Returns document subsets of a dfm that meet certain conditions, including direct logical operations on docvars (document-level variables). dfm_subset functions identically to subset.data.frame, using non-standard evaluation to evaluate conditions based on the docvars in the dfm.

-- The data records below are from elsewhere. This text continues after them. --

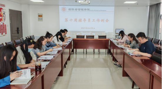 2025年4月29日,太阳成集团tyc9728在行政楼725会议室召开本学期第十周学生管理工作例会暨就业质量专题会议。学院书记助理员禹辛、团总支书记王绎程及全体辅导员参会,会议由院长吴玲主持。
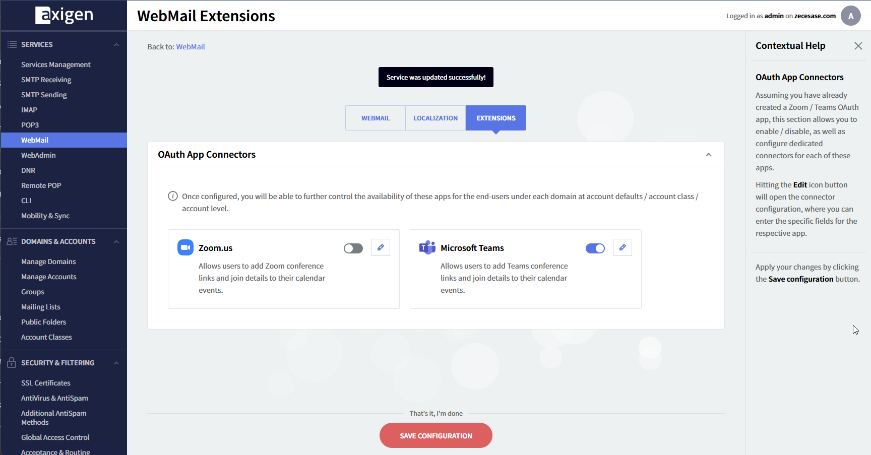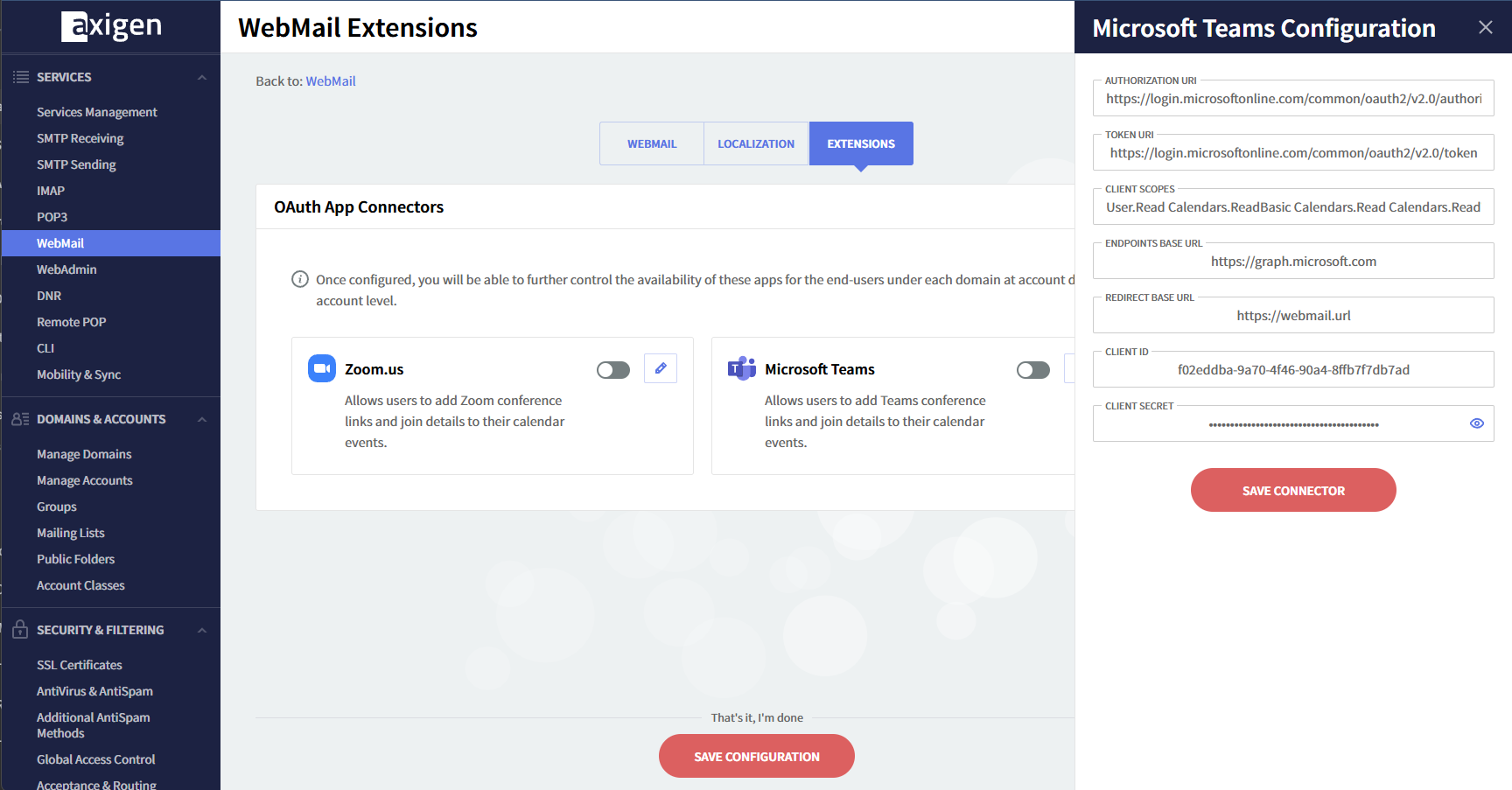 Axigen Preparation: Creating and Configuring the Teams Connector in Axigen
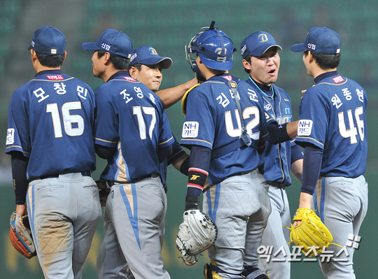 승리를 거둔 NC 선수들이 마운드에 모여 하이파이브 하고 있다.
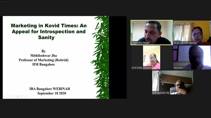 Webinar by Dr. Mithileshwar Jha On “Marketing During COVID Times” Organizer: Indus Business Academy, Bangalore Speaker: Dr Mithileshwar Jha, Professor of Marketing (Retd), IIM, Bangalore Participants: Students and Faculty members of IBA, Research scholars, Faculty members from other institutions, Alumni …
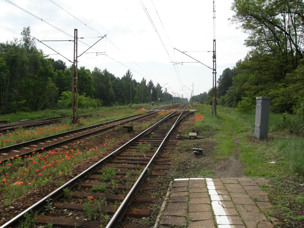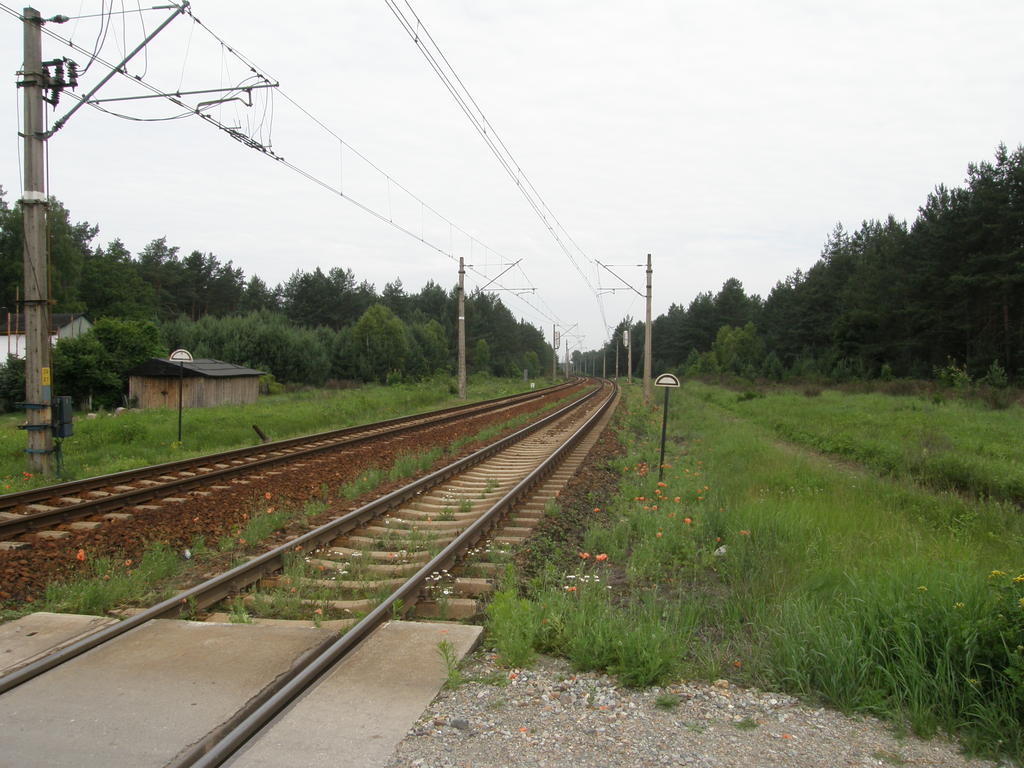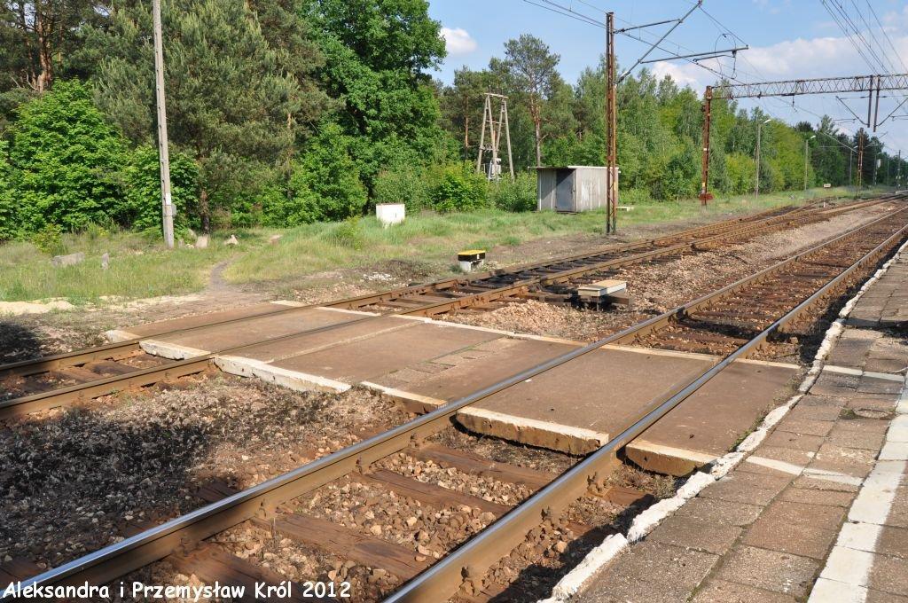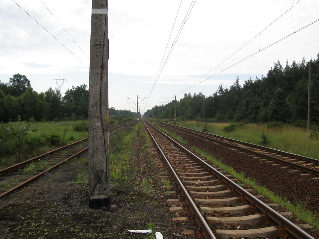 W oddali plac z jednym torem ładunkowym. Widok w stronę Tomaszowa Mazowieckiego. 40,5 km.
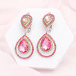 AKA Sorority Paraphernalia Women's Clip On Earrings. Silver Metal Double Teardrop Clip On Earrings Featuring Teardrop Shaped Pink Crystals Surrounded by Green Rhinestone Halo and Pink Rhinestone Detailing. Paddle Back Clip On Closure.
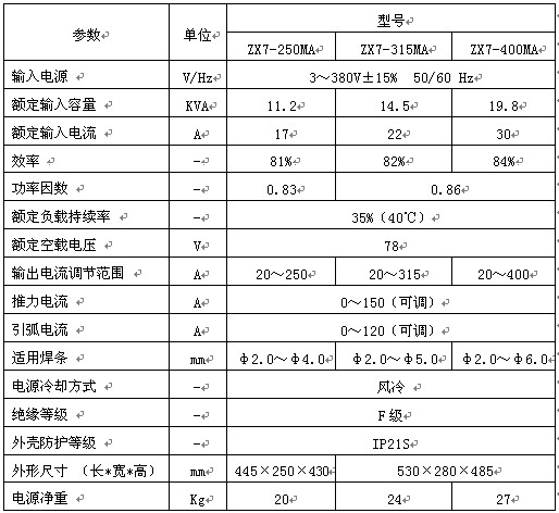 煙臺ZX7-250、315、400MA逆變式直流弧焊機
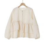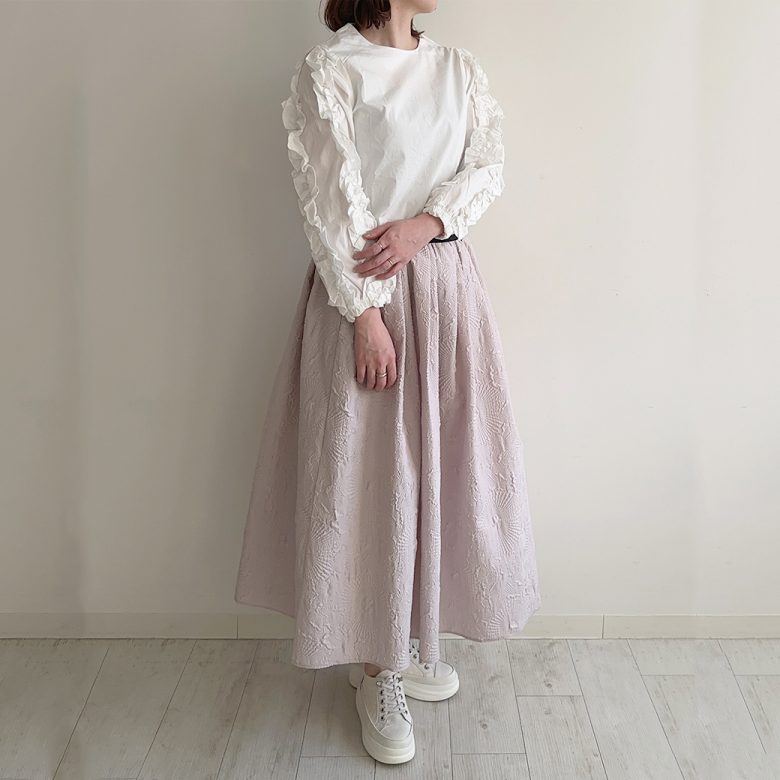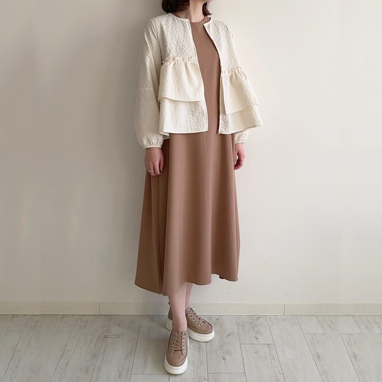 春らしい素材感とデザインのエンボスフリルジャケットを合わせて、程よい甘さをプラス。
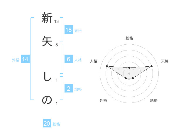 新矢 しのさんの天格は18画の4点!
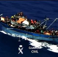 Embarcación con los inmigrantes llegando a las costas italianas.
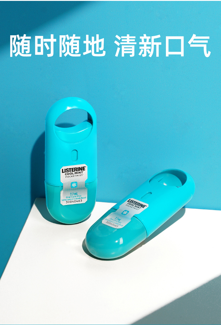 这款李施德林 口腔喷雾,主要作用是清新口气,去除口臭,冰蓝口感,无糖零卡路里,安全健康。外形是扁平设计,便于便携;薄雾小滴液设计,能直达口腔,帮助改善口腔健康。
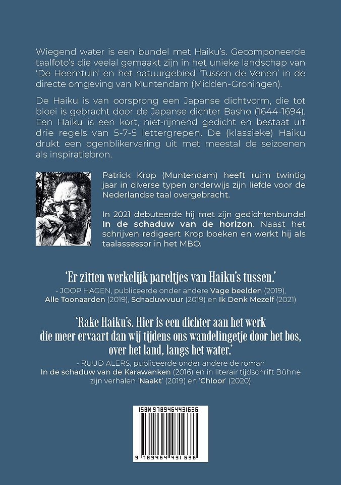 Wiegend water is een bundel met Haiku’s. Gecomponeerde taalfoto’s die veelal gemaakt zijn in het unieke landschap van ‘De Heemtuin’ en het natuurgebied ‘Tussen de Venen’ in de directe omgeving van Muntendam (Midden-Groningen).
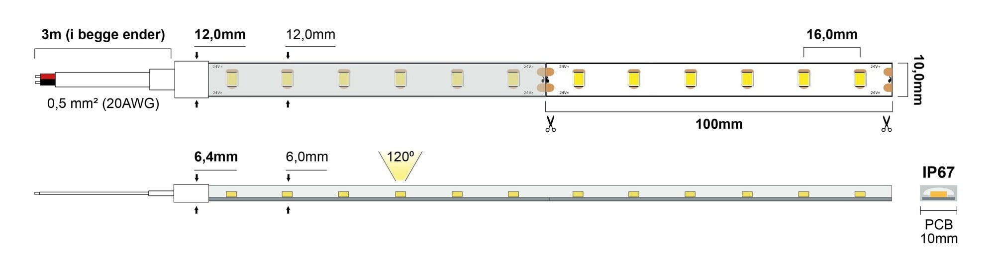 | Lyskilde | 1200xSMD2835, 3000K - 550lm/m - CRI>90 |
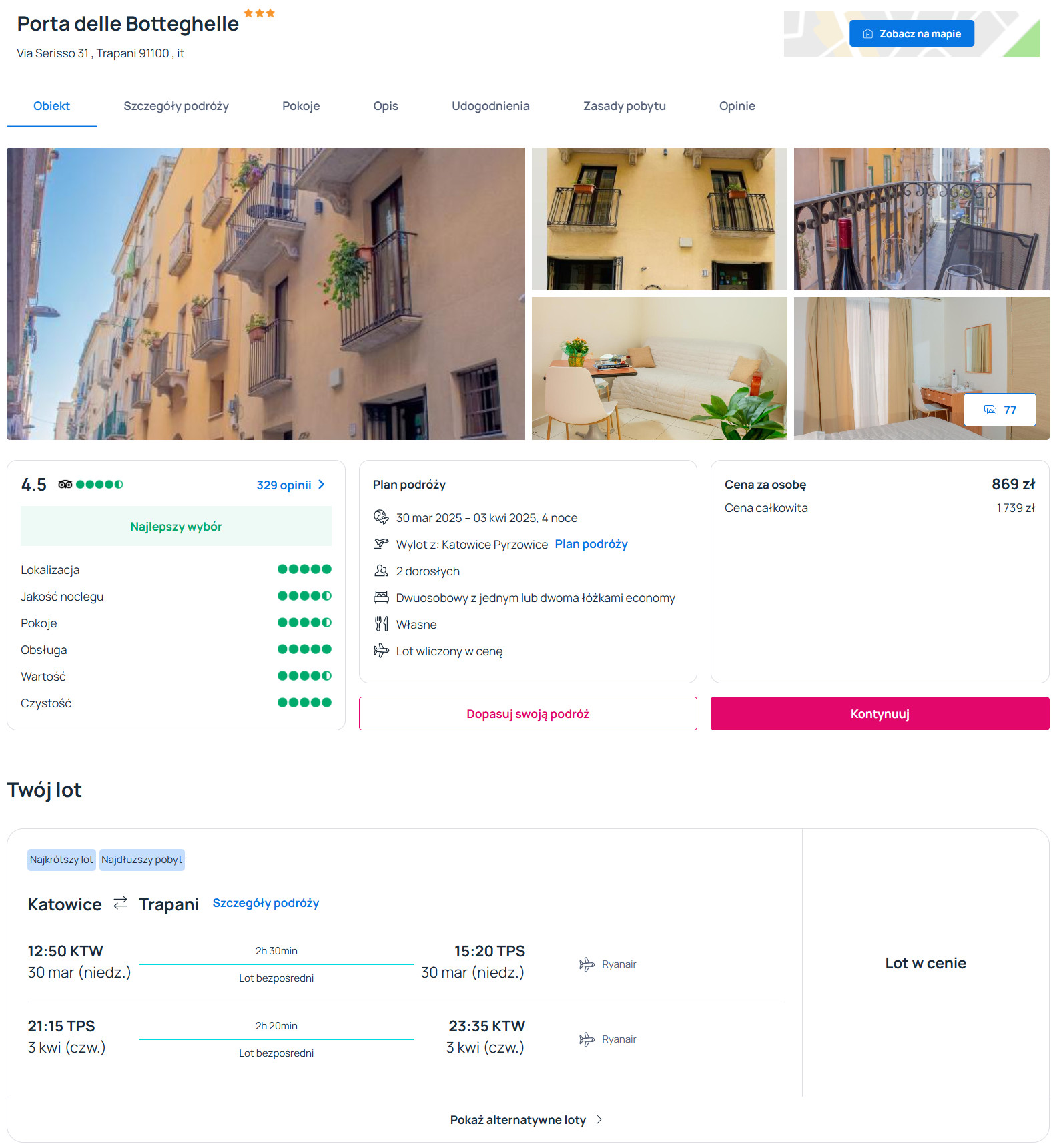 Do Trapani udasz się z Katowic na przełomie marca i kwietnia. W obie strony polecisz bezpośrednio linią Ryanair z bagażem podręcznym.
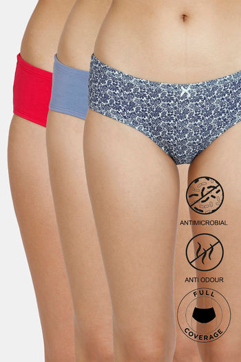 Zivame Anti-Microbial Low Rise Full Coverage Hipster Panty (Pack of 3) - Multicolor
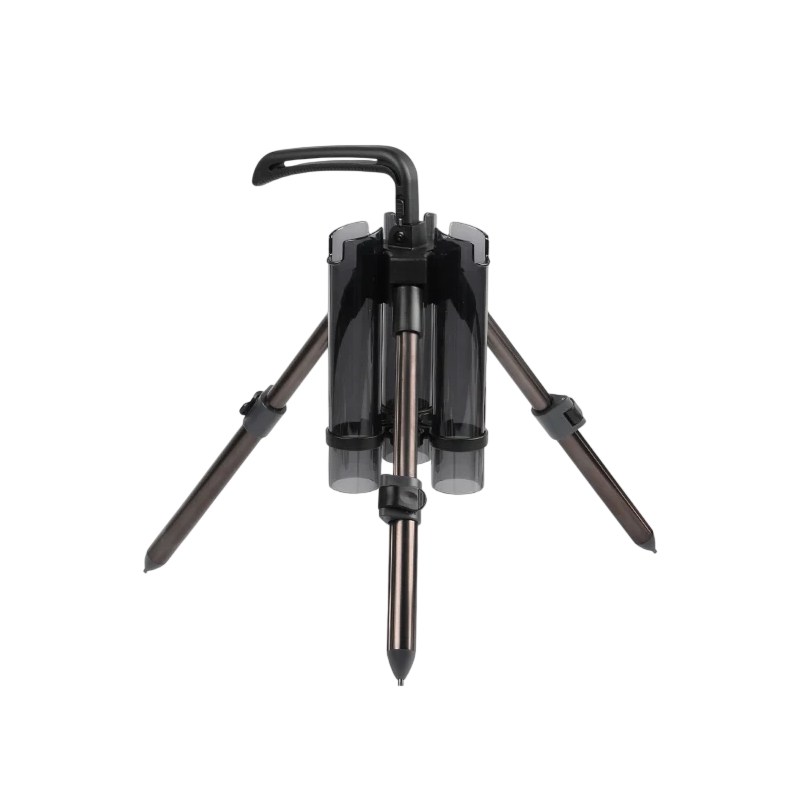 Stativ je vybaven třemi opěrnými nohami, které zajišťují stabilní základnu. Spodní část obsahuje hrot pro zapíchnutí do země, což pomáhá udržet stojan pevně na místě i při nerovném povrchu. Horní část slouží k uchycení prutu.
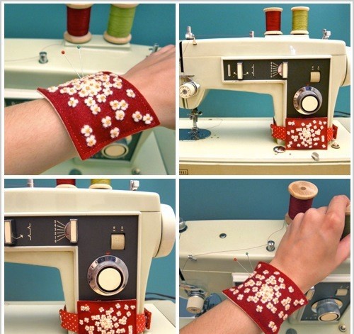 It serves both as a functional pincushion to hold pins securely and as a decorative flower to brighten your sewing space.
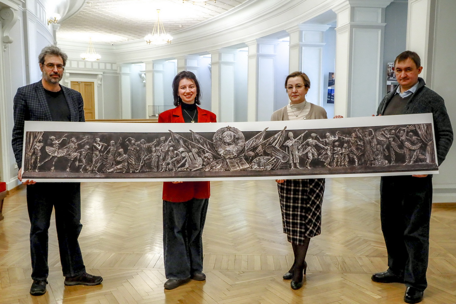 — Очень жаль, что за двумя рядами колонн невозможно посмотреть на барельеф целиком. Ни одного полного изображения этого уникального произведения ранее сделать не удавалось, хотя попытки были. К счастью, у Алексея Школдина это получилось, и теперь каждый зритель театра сможет целиком увидеть эту потрясающую работу Веры Штейн.
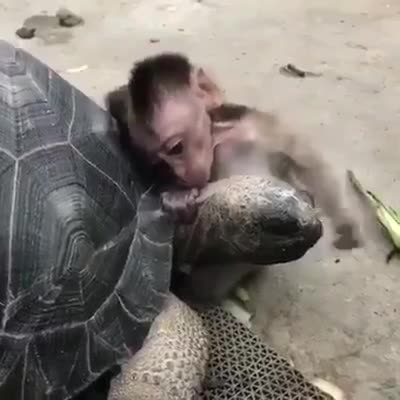 小猴子与乌龟是好朋友,小猴子把乌龟当妈,真是开心

dfm_subset(x, subset, select, ...)

Arguments

x

dfm object to be subsetted

subset

logical expression indicating the documents to keep: missing values are taken as false

select

expression, indicating the docvars to select from the dfm; or a dfm object, in which case the returned dfm will contain the same documents as the original dfm, even if these are empty. See Details.

...

not used

Value

dfm object, with a subset of documents (and docvars) selected according to arguments

Details

To select or subset features, see dfm_select instead.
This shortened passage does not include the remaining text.